**What to work on**
Required from the data below: the exact lines starting at the line containing "U.S. Polo Assn." and ending at the line containing "L’ancienne cabine de", with both ends kept and all pictures dropped.

**Data supplied**
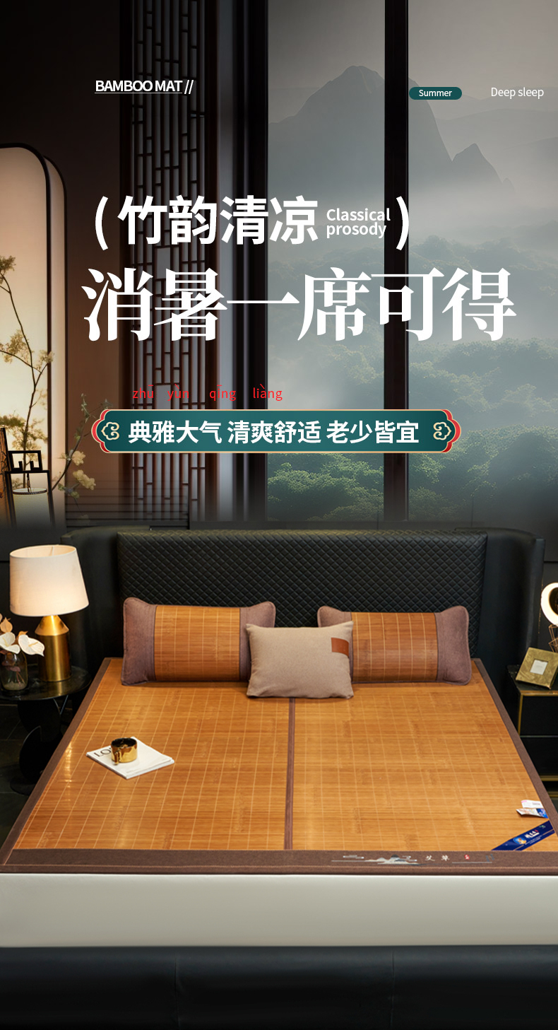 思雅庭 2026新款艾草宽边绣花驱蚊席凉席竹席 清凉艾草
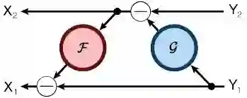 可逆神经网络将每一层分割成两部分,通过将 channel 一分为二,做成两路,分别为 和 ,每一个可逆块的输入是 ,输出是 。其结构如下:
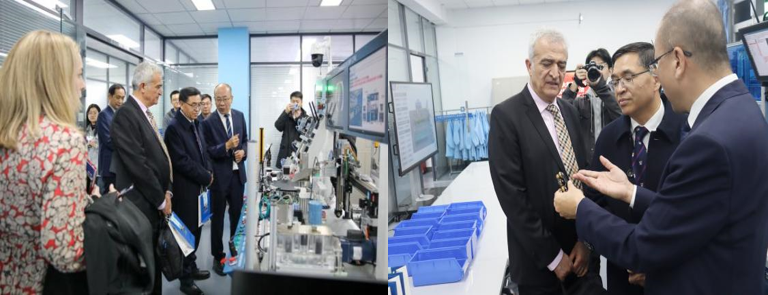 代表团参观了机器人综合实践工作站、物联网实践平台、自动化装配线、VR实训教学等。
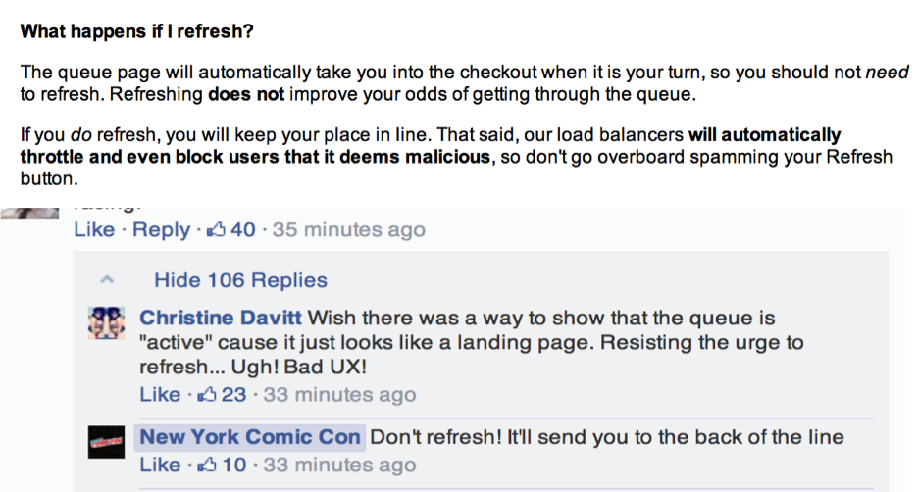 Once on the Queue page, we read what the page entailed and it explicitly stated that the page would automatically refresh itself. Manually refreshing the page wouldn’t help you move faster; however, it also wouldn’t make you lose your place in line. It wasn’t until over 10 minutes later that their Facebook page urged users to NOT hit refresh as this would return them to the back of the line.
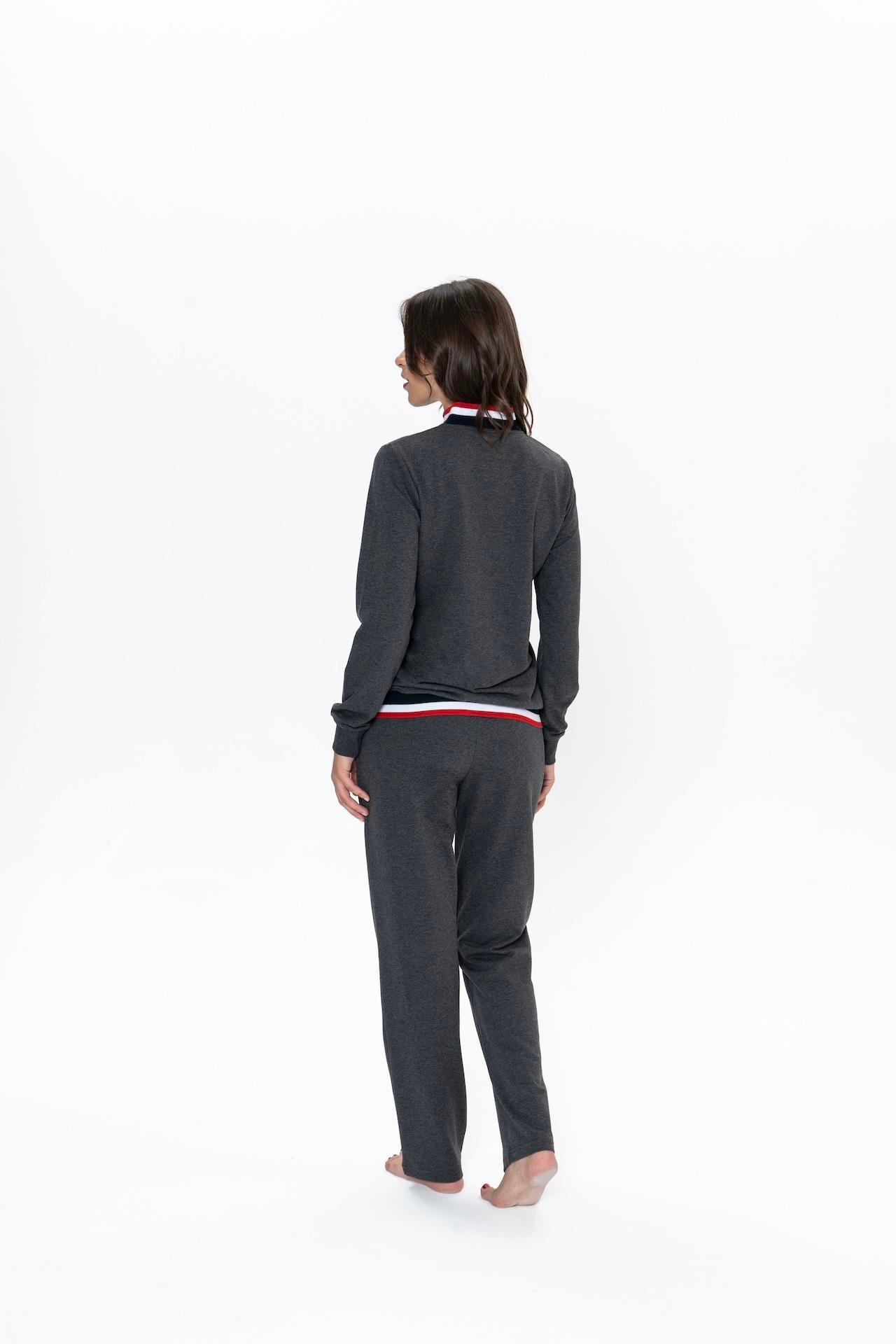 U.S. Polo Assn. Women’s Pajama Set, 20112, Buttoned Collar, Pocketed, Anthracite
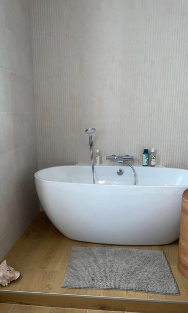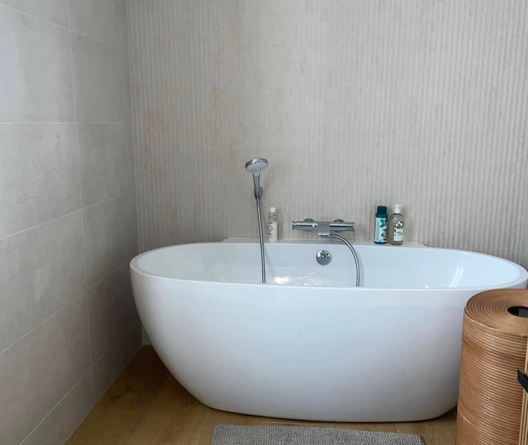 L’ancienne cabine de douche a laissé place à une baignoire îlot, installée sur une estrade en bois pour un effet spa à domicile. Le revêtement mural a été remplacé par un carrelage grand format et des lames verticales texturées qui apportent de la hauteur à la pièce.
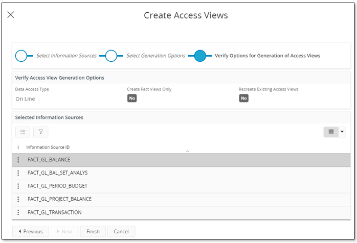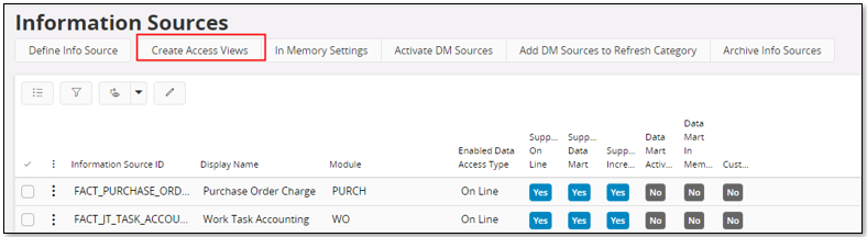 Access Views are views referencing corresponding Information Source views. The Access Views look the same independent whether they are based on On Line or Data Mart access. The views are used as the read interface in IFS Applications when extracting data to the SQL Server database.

**Response box**
 U.S. Polo Assn. Women’s Pajama Set, 20112, Buttoned Collar, Pocketed, Anthracite
 L’ancienne cabine de douche a laissé place à une baignoire îlot, installée sur une estrade en bois pour un effet spa à domicile. Le revêtement mural a été remplacé par un carrelage grand format et des lames verticales texturées qui apportent de la hauteur à la pièce.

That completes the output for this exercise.